Also, Barack Obama's longtime pastor returns to the pulpit today. We're taking a look at the words he used to inspire his church and whether or not they'll work in Obama's favor now.

(COMMERCIAL BREAK)

ROBERTS: Shot this morning as the sun is beginning to come up on New York City. A little chilly out there right now, 31 degrees, going up to a high of 48 today and mostly sunny. Spring still, you know, not quite here yet, but hopefully it will be one of these days soon.

CHETRY: It's a reluctant spring it feels like.

ROBERTS: It always is.

CHETRY: Easter was early.

ROBERTS: Is it always a reluctant spring?

CHETRY: It is.
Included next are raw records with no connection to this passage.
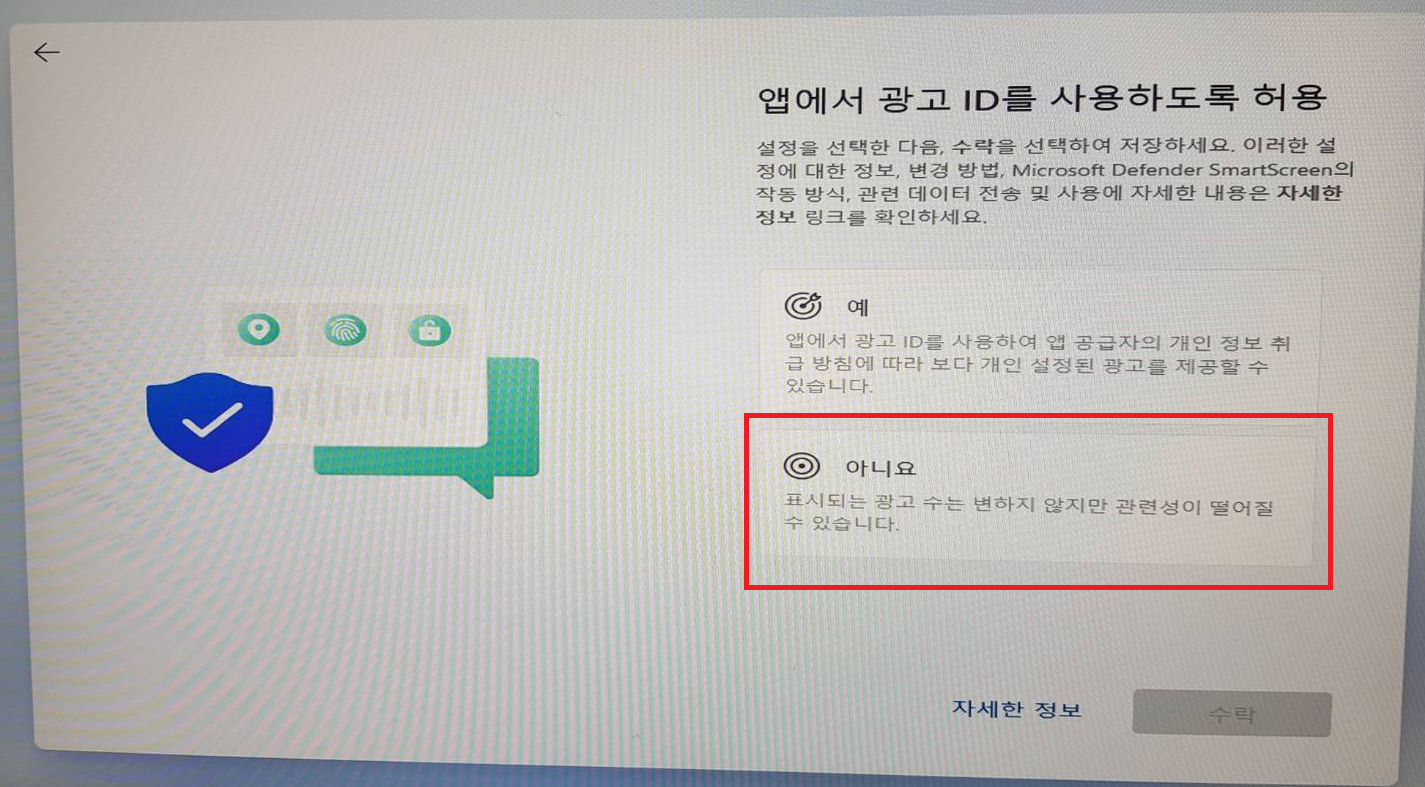 ▶[광고 ID를 사용 설정] //아니요를 선택합니다.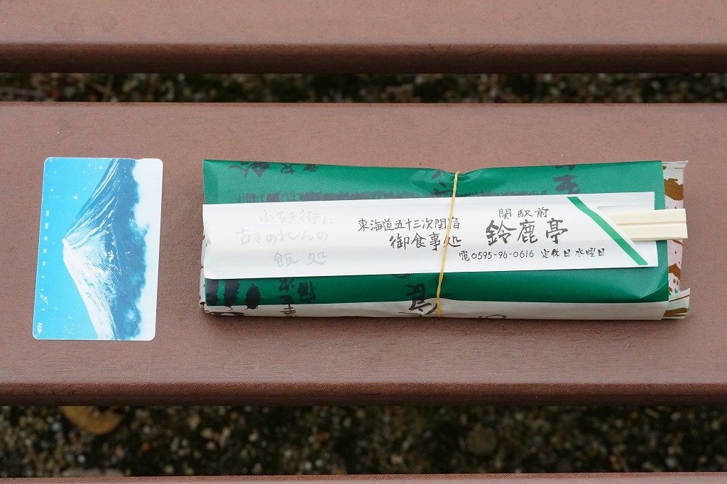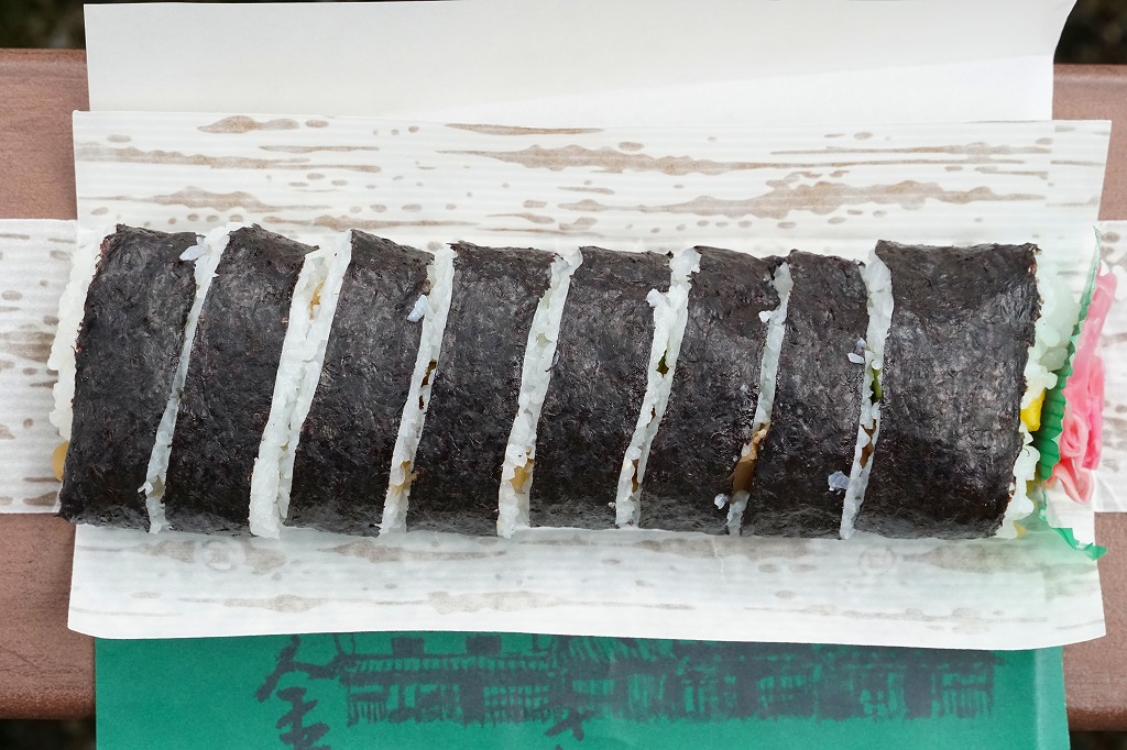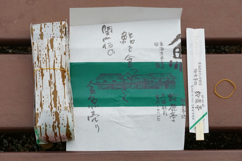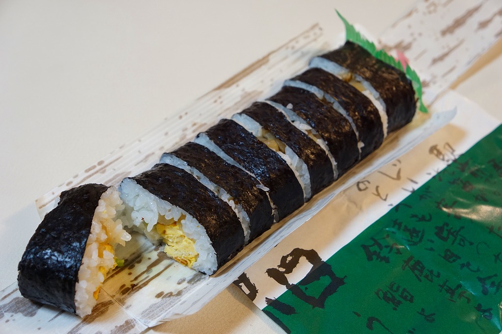 三重県のJR西日本の関駅の駅舎で、正確には駅舎代わりの亀山市施設「関宿ふるさと会館」の、売店と待合室と軽食堂か喫茶店を兼ねた店舗で売る巻寿司。駅弁として紹介されることはないが、駅の中で買える商品であるほか、駅近くの重要伝統的建造物群保存地区の関宿を紹介するチラシやガイドブックには、ここの名物としてたいてい載っていると思う。調玉子焼とかんぴょうときゅうりのみを巻いた太巻きを、竹皮柄の紙で包み、寿司店の包装紙で包む。とてもふんわり柔らかく、駅弁や惣菜でなく寿司店の寿司飯が心地良い。外観や中身に特徴がないのに、この風味は記憶に残る。調製元は関駅の目の前の寿司店。水曜定休。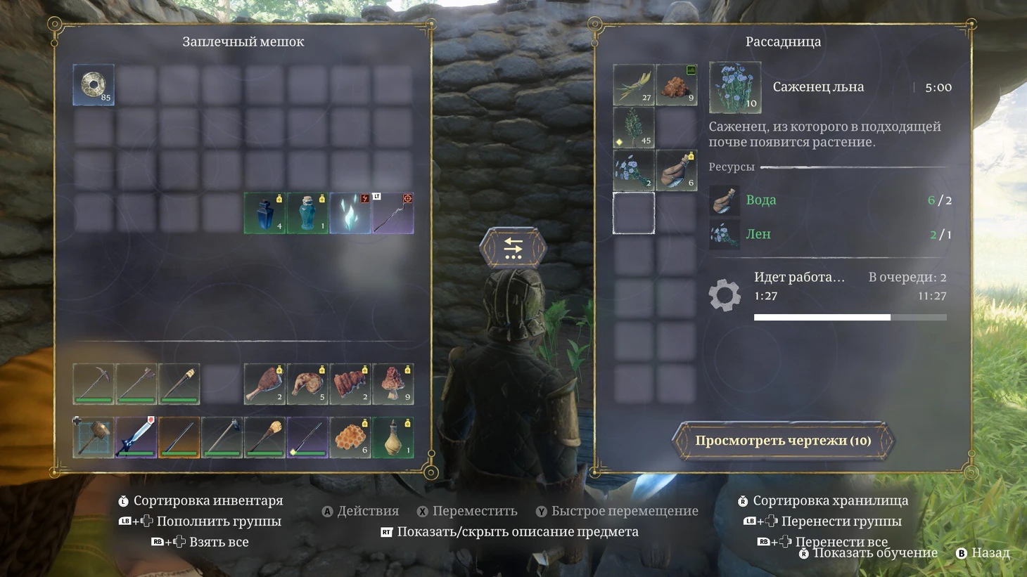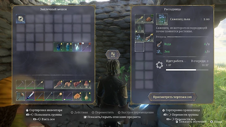Дама делает материалы для огорода: к примеру, передайте ей лен и со временем получите 10 саженцев. Так вы закроете потребность в ключевом ресурсе для создания лучшей брони.

You've got to coax the flowers out of the ground, coax the sun. But welcome back. Great to have you with us this morning. And politics, of course, issue number one this morning.

Hillary Clinton admitting that she told -- that the story that she told about landing under sniper fire in Bosnia may have been a "misstatement." Clinton backpedaled Monday after a video surfaced showing a very different picture from the dramatic landing she described more than once on the campaign trail. Here's how Clinton described that trip to Bosnia in 1996 just a week ago Monday.

(BEGIN VIDEO CLIP)

SEN. HILLARY CLINTON (D-NY), PRESIDENTIAL CANDIDATE: I remember landing under sniper fire. There was supposed to be some kind of a greeting ceremony at the airport, but instead we just ran with our heads down to get into the vehicles to get to our base.

(END VIDEO CLIP)

CHETRY: Here is a look at that actual arrival. And you can see from the pictures, Chelsea, her daughter with her. Hillary Clinton walking off the plane. There are no snipers, no running, and she does actually go on to a small greeting ceremony on the tarmac.

Joining me now senior political analyst Bill Schneider live from the CNN Election Express in Philadelphia.

Thanks for being with us this morning, Bill.

WILLIAM SCHNEIDER, CNN SENIOR POLITICAL ANALYST: Sure.

CHETRY: For your take on it, is this basically, did she lie on the campaign trail?

SCHNEIDER: I don't want to call anyone names so let me give you a lawyerly answer. Her account is at variance with the evidence and with the testimony of other witnesses who were there. She was clearly embellishing the story. And I think it does raise some questions about her credibility, which, of course, the Obama campaign was very quick to jump on.

CHETRY: It does raise some questions also about why you would not be a little bit more careful. She's savvy and she also knows that clearly there were reporters with her. Clearly this was on tape. And wasn't anybody going to double-check?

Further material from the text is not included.